Konfirmasi telah disampaikan kepada Sukamad untuk meminta penjelasan mengenai persoalan ijazah, pembiayaan dan PIP. Namun hingga berita ini diterbitkan, Sukamad belum memberikan tanggapan.
Redaksi juga memperoleh informasi mengenai adanya laporan terhadap Kepala MTsN 9 Ngawi kepada aparat penegak hukum (APH). Informasi tersebut masih dalam proses verifikasi dan tidak dijadikan dasar untuk menyimpulkan adanya tindak pidana.
Kini publik menunggu jawaban yang konkret: apa dasar penarikan biaya, siapa yang memutuskan, bagaimana pertanggungjawabannya, mengapa ijazah belum diserahkan, dan bagaimana PIP disalurkan kepada penerima?

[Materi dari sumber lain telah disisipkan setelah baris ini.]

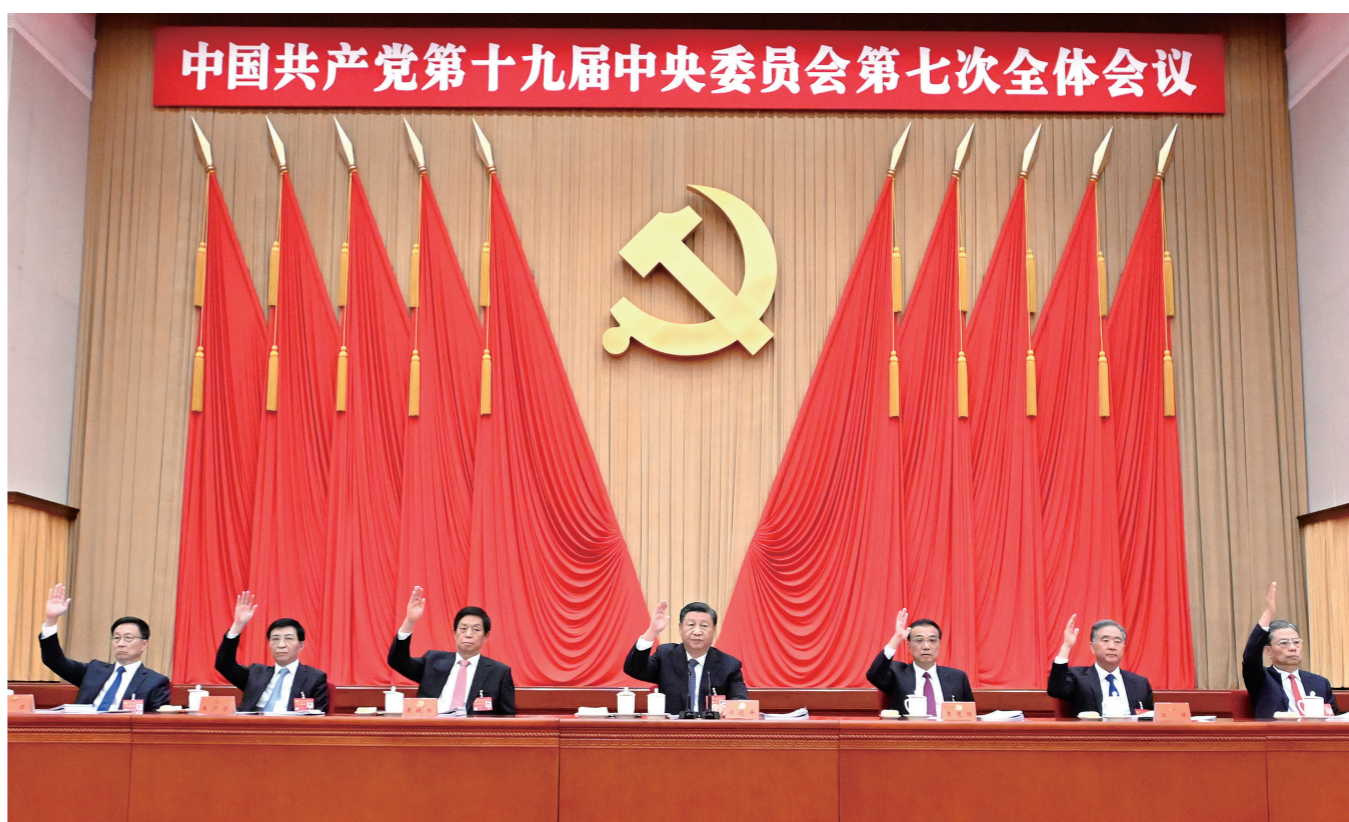
中国共产党第十九届中央委员会第七次全体会议，于2022年10月9日至12日在北京举行。这是习近平、李克强、栗战书、汪洋、王沪宁、赵乐际、韩正等在主席台上。

新华社北京10月12日电 中国共产党第十九届中央委员会第七次全体会议公报（2022年10月12日中国共产党第十九届中央委员会第七次全体会议通过）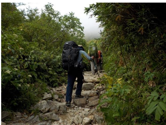
16. 石がゴロゴロの道をひたすら登る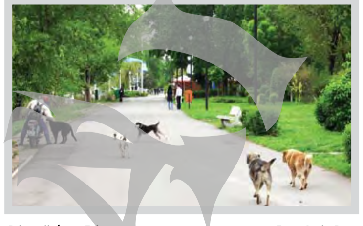
Prieteni de pe Faleză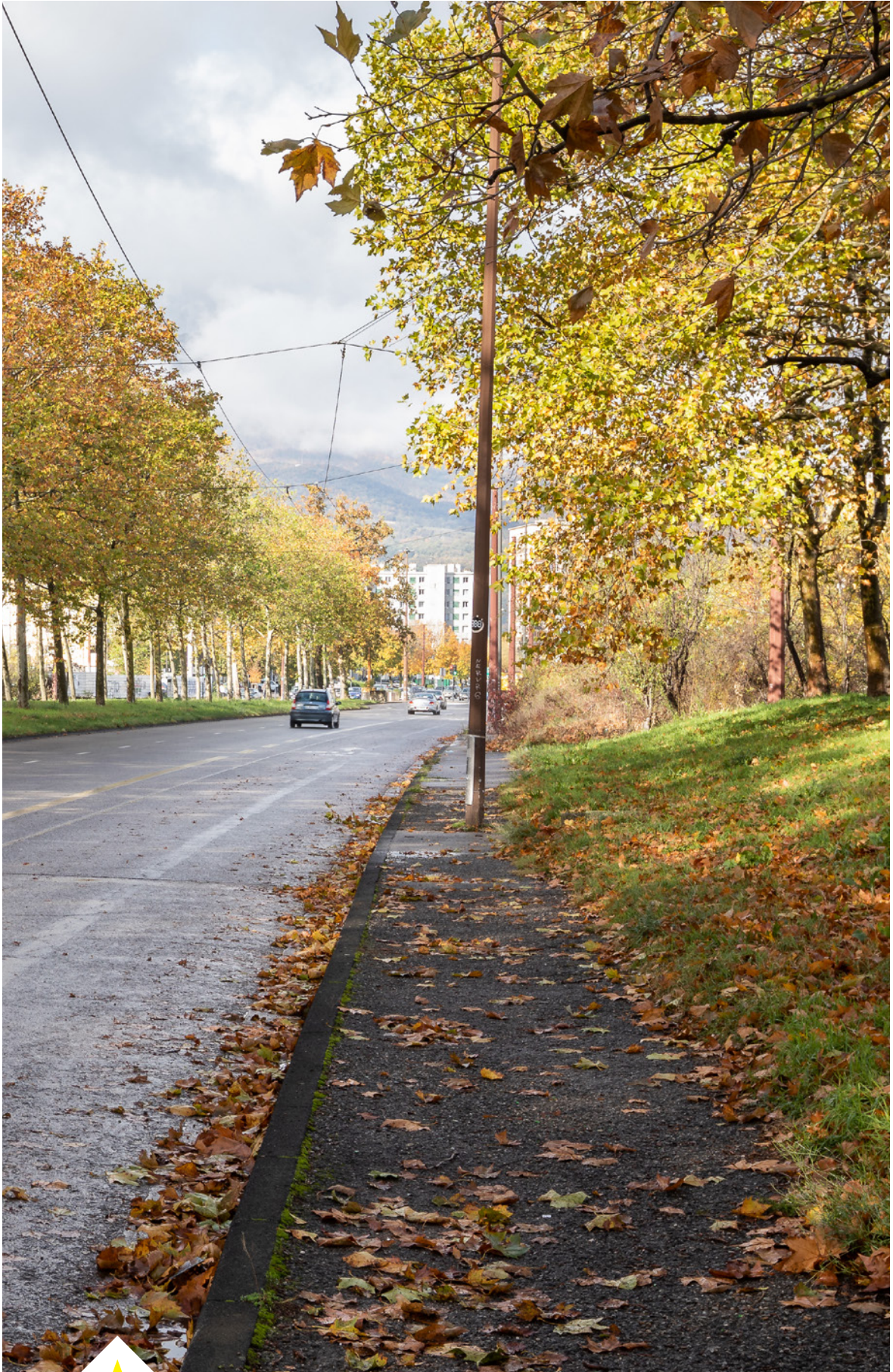
L'avenue Edmond Esmonin en bordure de la friche

Jika seluruhnya telah sesuai ketentuan, Sukamad semestinya tidak kesulitan membuka administrasi dan memberikan penjelasan yang terang. Sebab semakin lama pertanyaan publik dibiarkan tanpa jawaban, semakin besar pula ruang munculnya dugaan dan ketidakpercayaan terhadap tata kelola MTsN 9 Ngawi.(Ayyubi)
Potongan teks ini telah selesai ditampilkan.